→ **WORKING DATA**
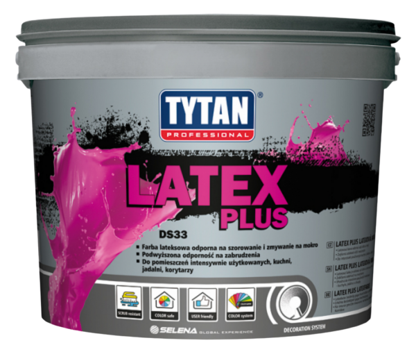 Lateksowa farba wewnętrzna na bazie dyspersji akrylowej o dobrych właściwościach kryjących bez smug i spękań, odporna na zmywanie i szorowanie na mokro.
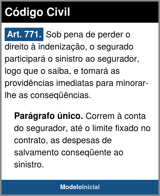 Art. 771. Sob pena de perder o direito à indenização, o segurado participará o sinistro ao segurador, logo que o saiba, e tomará as providências imediatas para minorar-lhe as conseqüências.
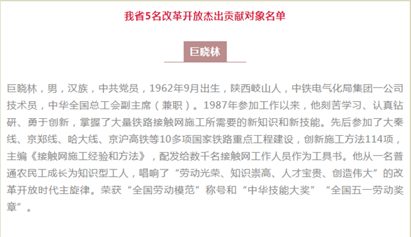 根據(jù)評選表彰工作部署,在各地區(qū)各部門反復(fù)比選、組織考察、集體研究提出推薦人選的基礎(chǔ)上,經(jīng)歸口評審、統(tǒng)籌考慮,產(chǎn)生了100名改革開放杰出貢獻(xiàn)擬表彰對象。其中我省5人入選,安康1人上榜。ewW安康新聞網(wǎng)
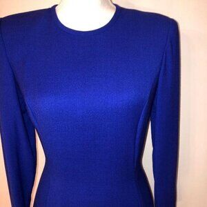 Bill Blass Wool Dress Womens Size 4 Vintage Crepe Lined Back Zip Shoulder Pads
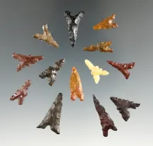Group of 13 Buck Taylor Points found North of Phoenix, Arizona. Ex. Jim Hogue Collection. |
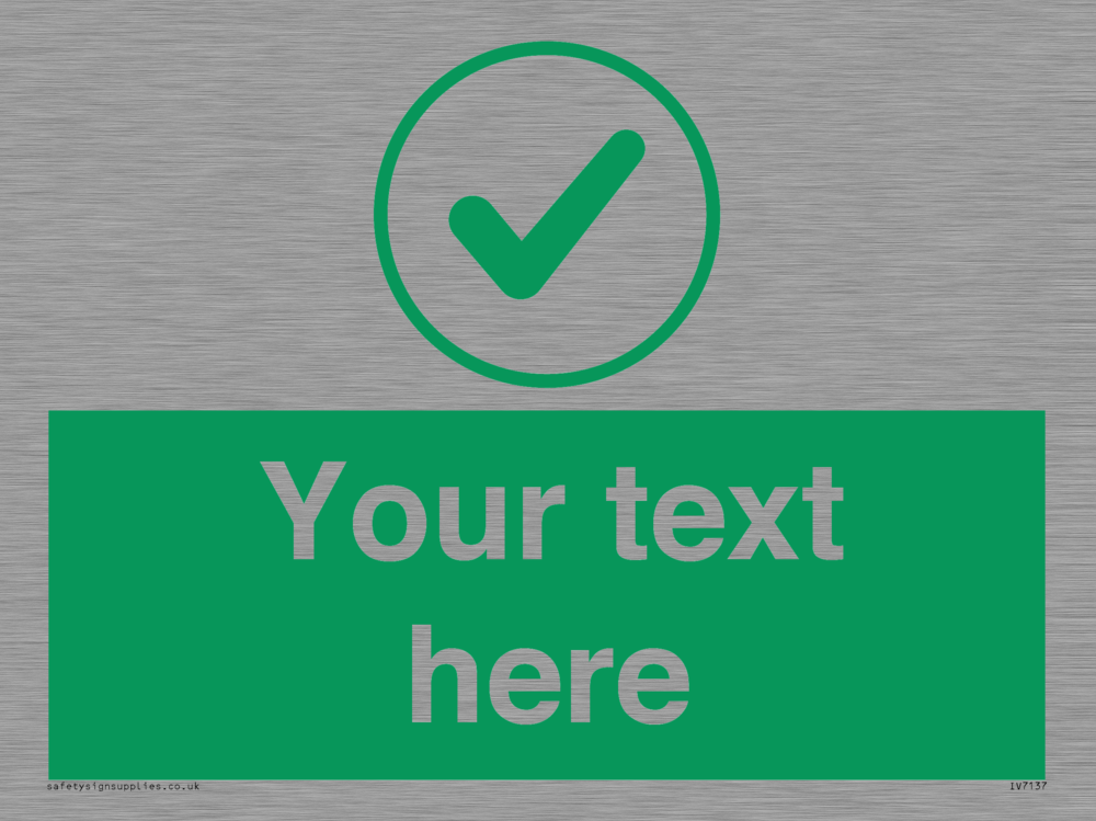 Suitable for mounting on a flat surface. Suitable for mounting on a door. Custom signs contain the text required by the customer. With your your text and a standard safety sign symbol - a bespoke sign can fit any requirement.
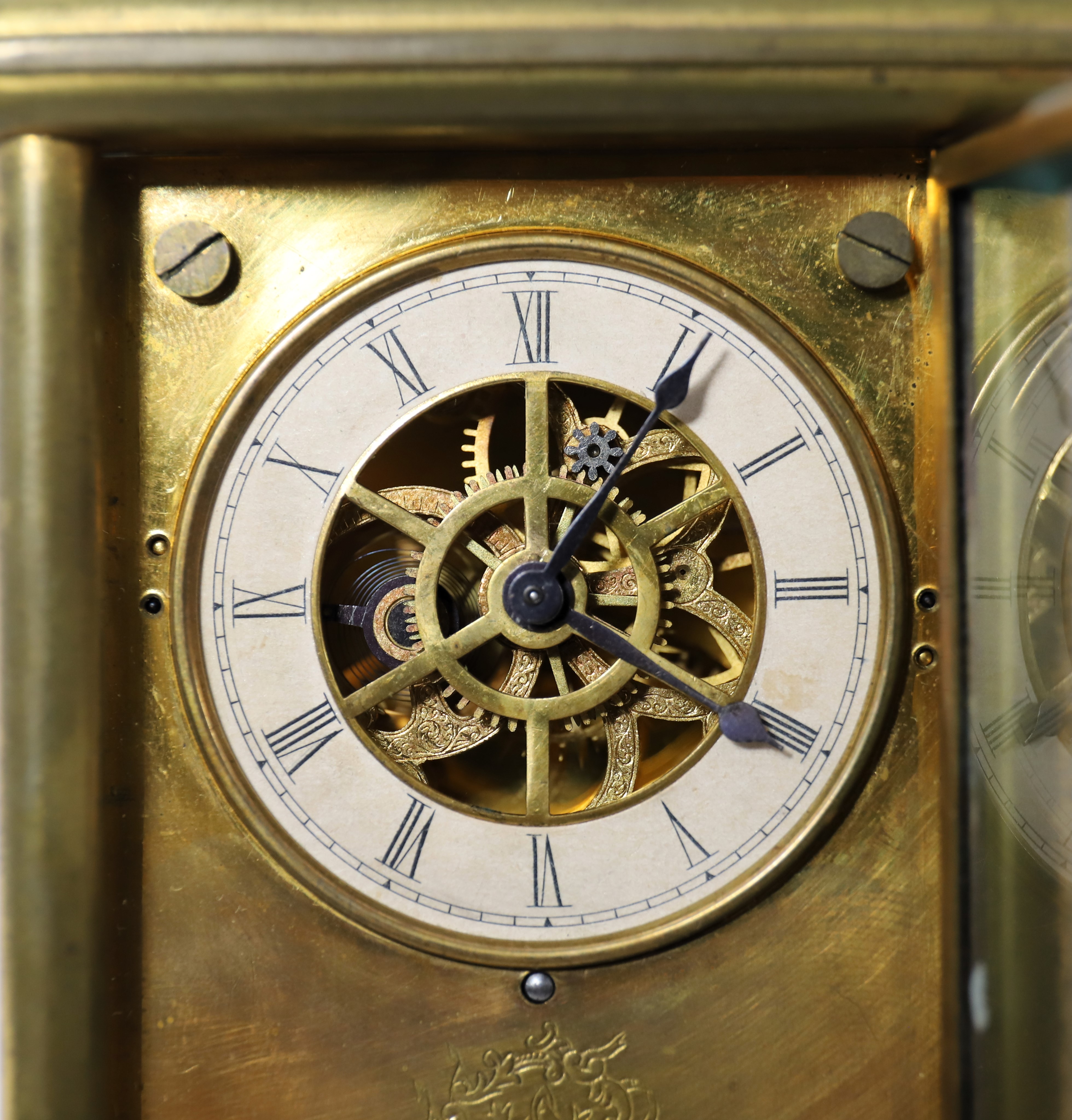 dull brass case; there are three beveled glasses with a front door over a skeletonized dial; the visible gears are embossed. There is a lot of detail here. It winds in the back, probably one day; I guess you set the hands from the front. It is
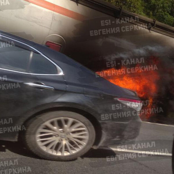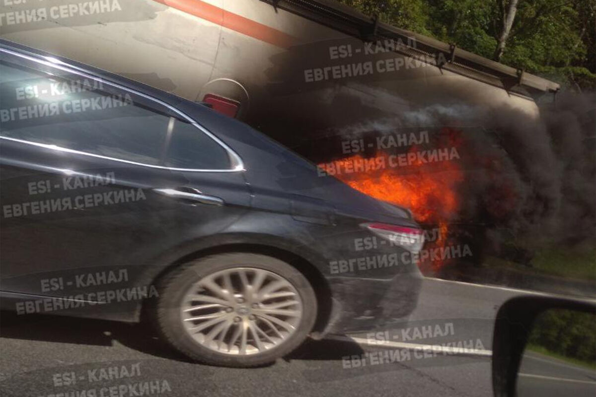 На опубликованном фото видно, что огонь охватил нижнюю часть машины в районе цистерны.

→ **EXERCISE**
Set down the material once more, exactly, with the pictures omitted.

→ **TASK SOLUTION**
 Lateksowa farba wewnętrzna na bazie dyspersji akrylowej o dobrych właściwościach kryjących bez smug i spękań, odporna na zmywanie i szorowanie na mokro.
 Art. 771. Sob pena de perder o direito à indenização, o segurado participará o sinistro ao segurador, logo que o saiba, e tomará as providências imediatas para minorar-lhe as conseqüências.
 根據(jù)評選表彰工作部署,在各地區(qū)各部門反復(fù)比選、組織考察、集體研究提出推薦人選的基礎(chǔ)上,經(jīng)歸口評審、統(tǒng)籌考慮,產(chǎn)生了100名改革開放杰出貢獻(xiàn)擬表彰對象。其中我省5人入選,安康1人上榜。ewW安康新聞網(wǎng)
 Bill Blass Wool Dress Womens Size 4 Vintage Crepe Lined Back Zip Shoulder Pads
Group of 13 Buck Taylor Points found North of Phoenix, Arizona. Ex. Jim Hogue Collection. |
 Suitable for mounting on a flat surface. Suitable for mounting on a door. Custom signs contain the text required by the customer. With your your text and a standard safety sign symbol - a bespoke sign can fit any requirement.
 dull brass case; there are three beveled glasses with a front door over a skeletonized dial; the visible gears are embossed. There is a lot of detail here. It winds in the back, probably one day; I guess you set the hands from the front. It is
 На опубликованном фото видно, что огонь охватил нижнюю часть машины в районе цистерны.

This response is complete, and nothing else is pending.